Appellant does not attack the instructions and, having failed to object to introduction of the ordinance, he cannot assert error in its admission into evidence. He does, however, contend that the evidence shows no violation of the ordinance by him. This argument is based upon the view that the ordinance proviso does not require that each and every article be removed from the sidewalk within a half hour, and that since appellant commenced removal of his produce within the limited period, he brings himself within the exception even as to articles left on the walk for nearly two hours. To state this contention is to refute it.

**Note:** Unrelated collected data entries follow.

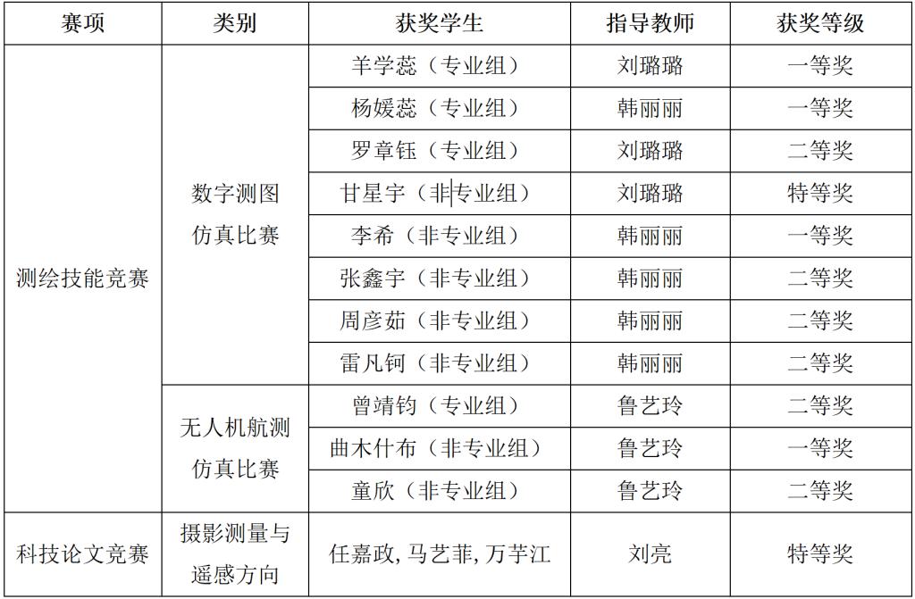 在学校和学院领导的大力支持下,测绘系积极开展大赛筹备和赛项指导工作。经6月份的校赛选拔,最终确定26项测绘技能、2篇科技论文和1项创新开发参赛。参赛选手们刻苦训练、积极备赛,经激烈角逐,在测绘技能竞赛和科技论文竞赛赛项荣获佳绩。
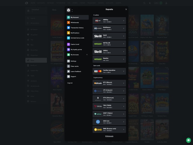 This hub offers a wide range of cryptocurrency options for deposits. Players can use Bitcoin, Ethereum, Litecoin, Tron, Tether, BNB, and USD Coin. The minimum deposit for most cryptocurrencies is equivalent to fiat currencies, with Bitcoin requiring a slightly higher minimum.
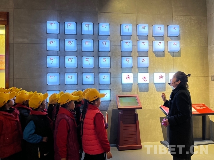 走進(jìn)“藏地智慧”,學(xué)生們一眼認(rèn)出藏文創(chuàng)始人吞彌·桑布扎,大家異口同聲回答講解員的問題說:“這是吞彌·桑布扎。”得到講解員的肯定、并向他們講述背后的相關(guān)歷史后,學(xué)生們聽得很入迷,也更有信心面對接下來的問題。藏文的信息化使得這一古老文字煥發(fā)著全新而旺盛的生命力,在這里學(xué)生們欣賞藏文在智能手機(jī)、電腦、多功能點讀機(jī)等智能電子設(shè)備內(nèi)“走動”、傳統(tǒng)農(nóng)牧業(yè)的模擬場景和現(xiàn)代化的機(jī)械設(shè)備圖、藏醫(yī)藥材、藏香藏紙制造和制鹽過程等獨具特色的藏族傳統(tǒng)手工藝,也能很好的回答講解員提出的問題,現(xiàn)場互動氣氛熱烈?!斑@種活動我們學(xué)校不會常有,當(dāng)孩子們聽到要去拉薩時像是要過年那樣高興,一路上問這問那地充滿好奇?!倍喟奏l(xiāng)小學(xué)的帶隊老師羅珍介紹:“這次參加活動的這些學(xué)生都是三、四、五年級的學(xué)生,個個品學(xué)兼優(yōu)?!?/p>
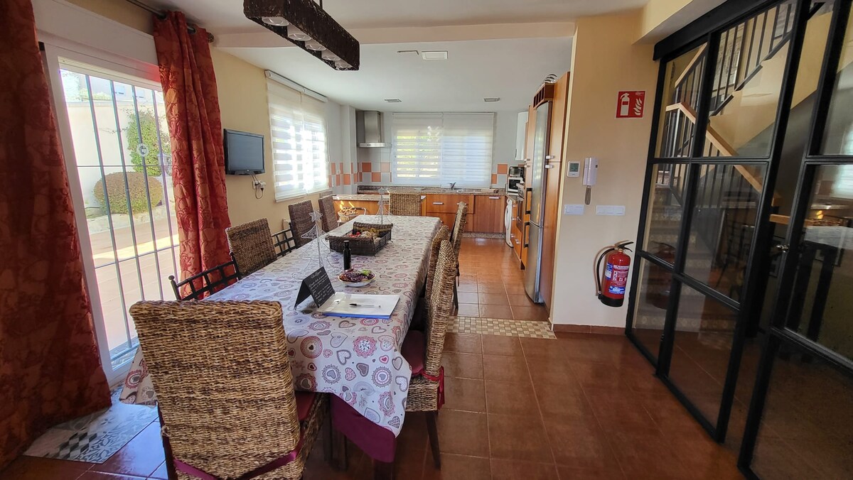 Bu ev ayrıca hovuzu və barbeküsü olan daxili verandası ilə xarakterizə olunur. Eyvanın altında stulları olan masa sizi açıq havadan zövq almağa dəvət edir, 2 qamak isə Əndəlüs günəşini oyatmaq üçün mükəmməldir. İçəridə yataq otağında əlavə çarpayı və ya beşik seçimi olan əlavə böyük çarpayı var. Yerli sənətkarlıq nümunələri ilə bəzədilmiş qonaq otağında divan, Ağıllı TV və buxarı (qiymətə daxil olan odun) var. Qonaq otağı tam təchiz olunmuş mətbəxə açılır.

Appellant also argues that, even if he violated the ordinance, such violation was not a proximate cause of respondent’s injury. But we cannot say, as a matter of law, that the violation was not a proximate cause. The jury was fully instructed as to proximate cause, and found against appellant. That finding is within the province of the jury, and will not be disturbed here. (Mosley v. Arden Farms Co., supra.)

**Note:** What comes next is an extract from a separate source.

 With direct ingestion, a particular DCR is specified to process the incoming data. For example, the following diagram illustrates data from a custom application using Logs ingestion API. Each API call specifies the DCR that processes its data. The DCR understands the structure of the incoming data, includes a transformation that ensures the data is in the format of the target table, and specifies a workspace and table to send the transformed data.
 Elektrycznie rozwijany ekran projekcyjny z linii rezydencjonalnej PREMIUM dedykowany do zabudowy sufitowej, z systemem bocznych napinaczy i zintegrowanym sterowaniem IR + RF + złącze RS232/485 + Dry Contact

It may be that appellant intends to argue that the ordinance is not one designed to protect a class of which respondent is a member, that it therefore establishes no duty upon appellant as to respondent, and that for this reason all instructions upon the ordinance were in error. This argument *155would be based upon the view that the ordinance permits obstruction of the sidewalk for a period of 30 minutes, that injury to a particular user of the walk is quite as likely to occur within 30 minutes of the placing of the obstruction as at a later time, and that therefore the ordinance is not intended for the protection of sidewalk users. However, we are disinclined to accept such a contention. Rather, it appears to us that the ordinance is designed wholly for the protection of users of the sidewalk, and that it allows a reasonable license or exemption for use of the walks for necessary commercial purposes, such exemption being strictly limited by its own terms. In any event, appellant is in no position to advance such a contention. In the first place, he permitted the ordinance to go into evidence without any objection on his part. If he now seeks to urge error in the instructions upon the ordinance, he is similarly without basis for complaint, because he has failed to produce a record here which shows that he did not himself invite the alleged error by submitting the instructions upon the ordinance. (People v. Letourneau, 34 Cal.2d 478, 493 [211 P.2d 865].)

The judgment is affirmed.

Nourse, P. J., and Kaufman, J., concurred.

A petition for a rehearing was denied November 16, 1956, and appellant’s petition for a hearing by the Supreme Court was denied December 12, 1956.

Assigned by Chairman of Judicial Council.